As well as being more colorful, male Rainbow Darters are more territorial than their female counterparts.

Rainbow Darter Fun facts

● Like other darters, it can maintain a fixed position close to the substrate, even under strong water currents. This characteristic plays a crucial role in their preference for streams and rivers with rapids and rocky substrate.

● It presents intolerance to the presence of salt in water and pollution, and human-induced changes such as pollution itself or sewage drainage can negatively impact its abundance.

● They can detect each other’s chemical signals and behaviors. For example, in a situation where a predator is attacking a rainbow archer, it can release a chemical pheromone that alerts other members of its species of danger once the skin has been torn. Other darters respond to this alert by decreasing their activity and burrowing, making themselves less detectable by predators.
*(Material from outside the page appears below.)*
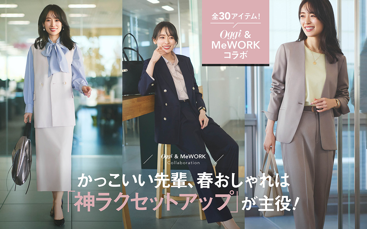 AOKIの〝MeWORK〟とOggiのコラボアイテムができました。働く女性の代表、Oggi専属読者モデル・オッジェンヌのリアルな声を反映し、セットアップ、トップスなど、全30アイテムがラインナップ。中でも、春のワードローブの軸となるセットアップは、〝MeWORK〟の特徴である高い機能性はそのままに、Oggiらしいきちんと感と洗練さを加味。春いちばんにチェックしたいアイテムです。

● They respond aggressively to their peers by flapping their gills, like other Gobies. As a result, they are seen as competitors and a threat to their territory and food supply. Males and females use their colors to communicate, especially during the breeding season.

● Considered a cold-water fish, its life expectancy decreases considerably when exposed to tropical temperatures.

Final Words

If you’re thinking of adding a Rainbow Darter to your tank, we say go for it! They are beautiful fish that are truly a rainbow of colors. Just be sure to provide them with plenty of hiding places, and you’ll have a happy and thriving Rainbow Darter in your home aquarium.